Przejdź do treści
Źródło artykułu

Piloci oślepiani laserem podczas nocnych lotów - groźny incydent na lotnisku w Kąkolewie

27 września policjanci z Komendy Powiatowej Policji w Nowym Tomyślu zatrzymali 37-letniego mieszkańca powiatu nowotomyskiego, który przy pomocy urządzenia laserowego oślepiał pilotów samolotów wykonujących loty w rejonie lotniska Kąkolewo. Mężczyzna za umyślne stwarzanie zagrożenia w ruch lotniczym odpowie przed sądem.

W dniach 26 oraz 27 września 2025 roku z lotniska w Kąkolewie odbywały się nocne loty szkolne, organizowane przez Centrum Kształcenia Lotniczego Politechniki Poznańskiej w ramach programu szkolenia pilotów do uzyskania licencji zawodowej.

W dniu 26 września załogi samolotów (instruktor i pilot-uczeń) wykonujące loty nocne w rejonie Nowego Tomyśla, w strefie ruchu lotniska Kąkolewo, zostały wielokrotnie oślepione intensywną zieloną wiązką lasera. Zdarzenie miało miejsce w godz. 19:30 – 21:30. Sytuacja stwarzała realne zagrożenie dla bezpieczeństwa wykonywanych operacji lotniczych oraz zdrowia członków załóg.

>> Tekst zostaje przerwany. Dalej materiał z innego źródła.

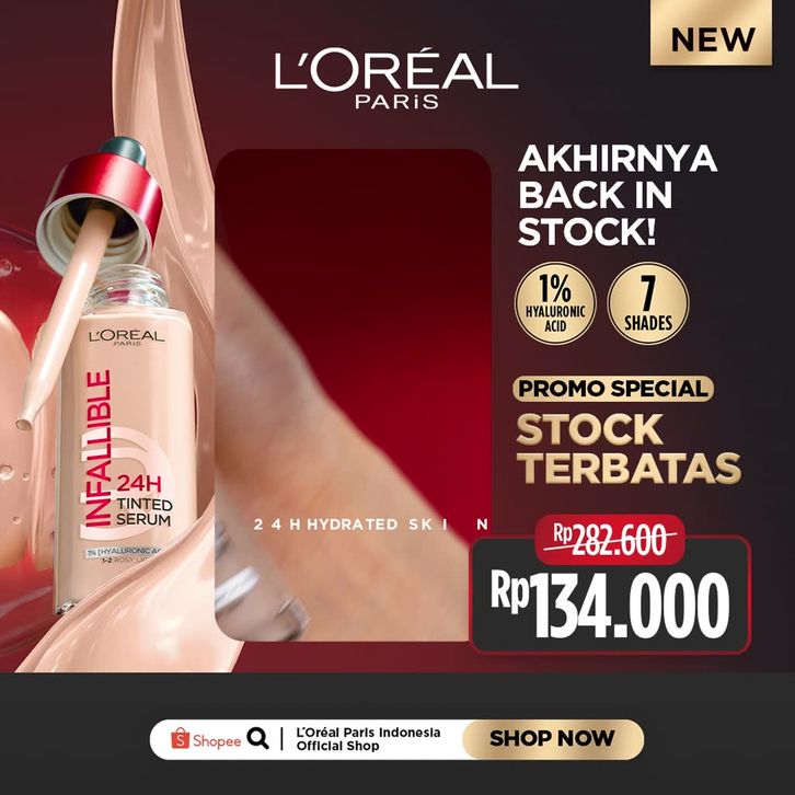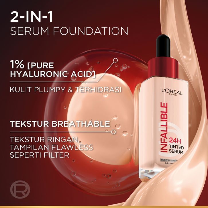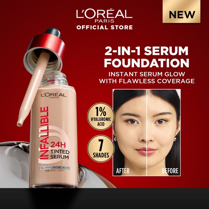 [Mall] [BARU] L'OREAL PARIS INFALLIBLE 24H TINTED SERUM FOUNDATION LIGHTWEIGHT BREATHABLE RINGAN TAHAN HINGGA 24 JAM
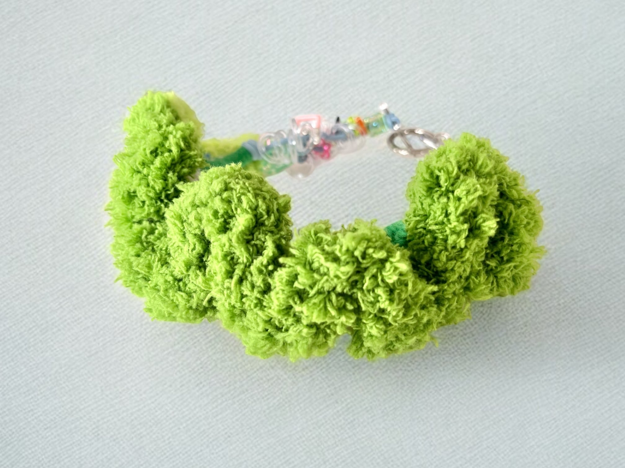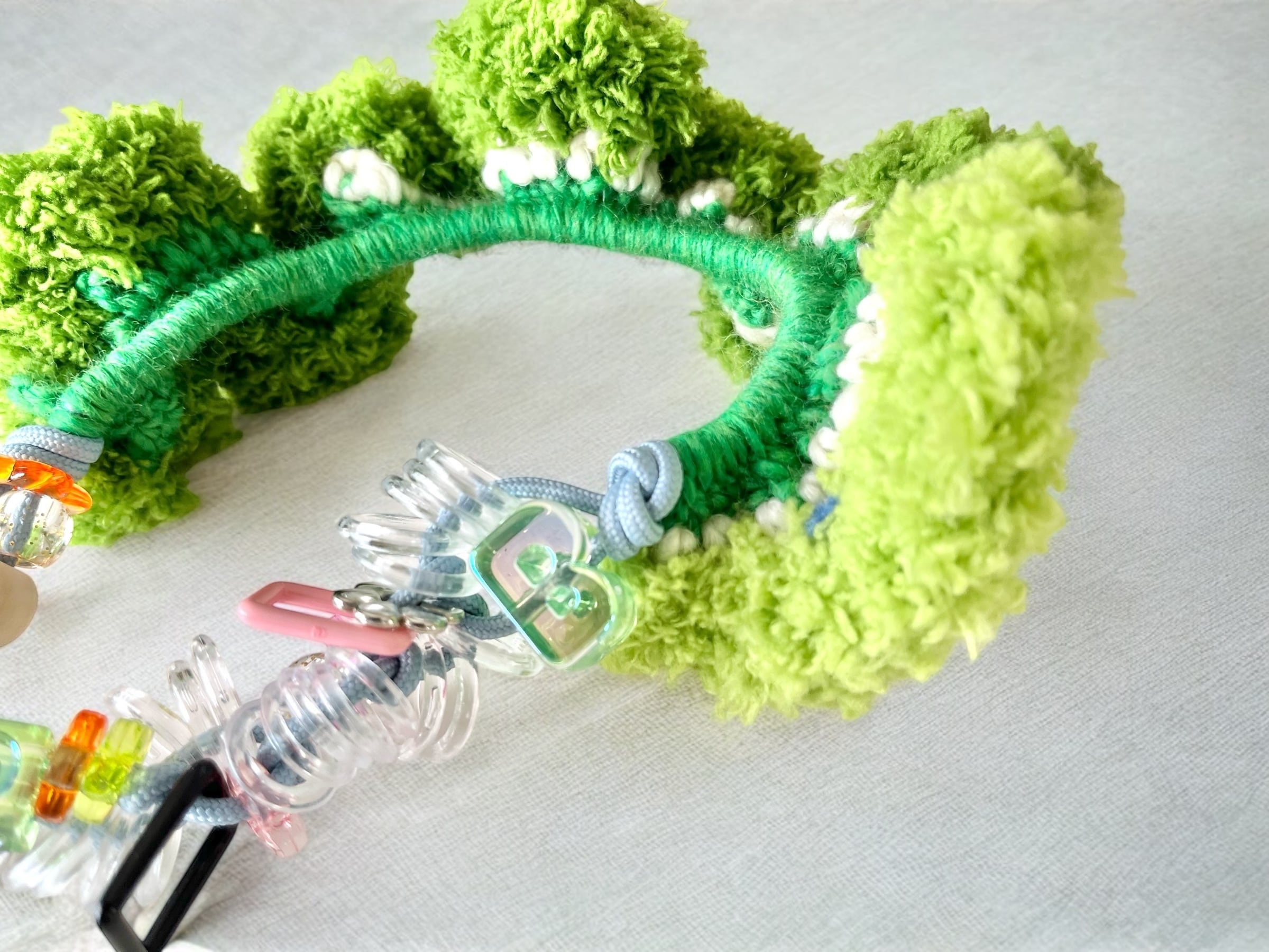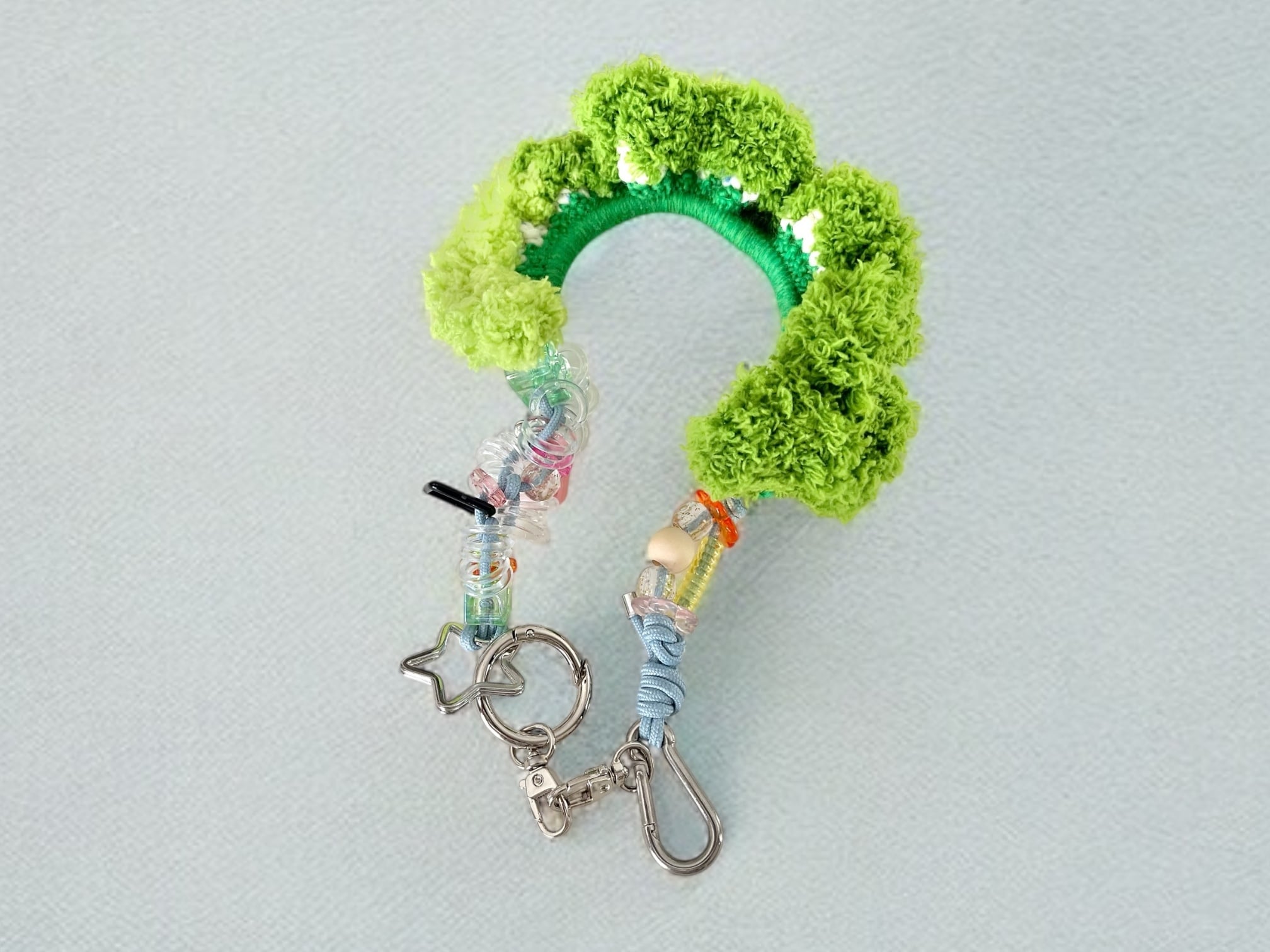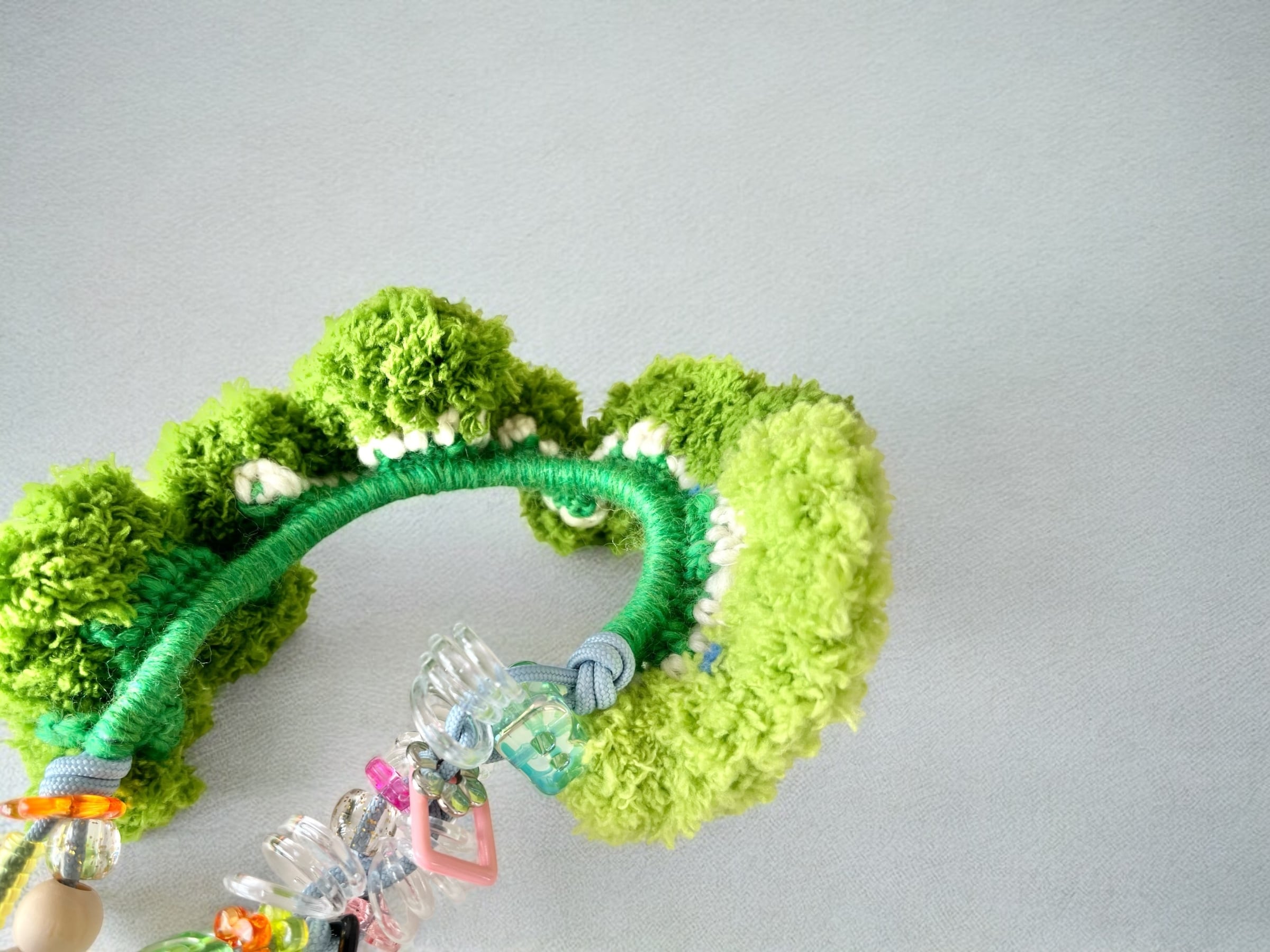 オーガンジーやサテン、くるくるしたチューブのような素材など、カラフルな異素材の組み合わせにプラスチックパーツなども入ったかわいいストラップです。

Intensywność światła w praktyce uniemożliwiała bezpieczne kontynuowanie lotów. Pomimo oddalenia się samolotów na odległość kilkunastu kilometrów od źródła światła, były one nadal ścigane bardzo mocną wiązką laserową. Sytuacja powtórzyła się kolejnego dnia w sobotę 27 września.

O zdarzeniu została powiadomiona Komenda Powiatowa Policji w Nowym Tomyślu. W wyniku podjętych działań policja zatrzymała osobę oślepiającą załogi samolotów na gorącym uczynku. Mężczyzna przyznał się do winy. Policjantom tłumaczył, że kupił nowy sprzęt i chciał go wypróbować.

Kierowanie wiązki laserowej w stronę statku powietrznego i jego załogi stanowi skrajną nieodpowiedzialność. Działanie to może prowadzić do trwałego uszkodzenia wzroku u osoby, która zostanie bezpośrednio oślepiona. Przypomnijmy, że w 2019 roku w Warszawie osoba używająca zielonej wiązki lasera skierowała ją w stronę załogi Lotniczego Pogotowia Ratunkowego, trafiając prosto w oczy znajdującego się na pokładzie lekarza. W wyniku zdarzenia doszło do uszkodzenia siatkówki, co spowodowało u ratownika poważne problemy ze wzrokiem.

Prawo lotnicze zabrania emitowania wiązki laserowej w kierunku statku powietrznego. Czyn ten jest zagrożony karą kara grzywny, ograniczenia wolności lub pozbawienia wolności do roku. W związku z tym, że takie działania stwarzają realne zagrożenie dla bezpieczeństwa lotów sądy często rozpatrują podobne sprawy również w kontekście sprowadzenia bezpośredniego niebezpieczeństwa katastrofy w ruchu powietrznym (Art. 173 kk).

„Laser to nie zabawka” – pod takim tytułem kilka lat temu Urząd Lotnictwa Cywilnego przeprowadził kampanię społeczną, której celem było podniesienie świadomości społecznej na temat niebezpieczeństw związanych z kierowaniem wiązki lasera w stronę samolotów.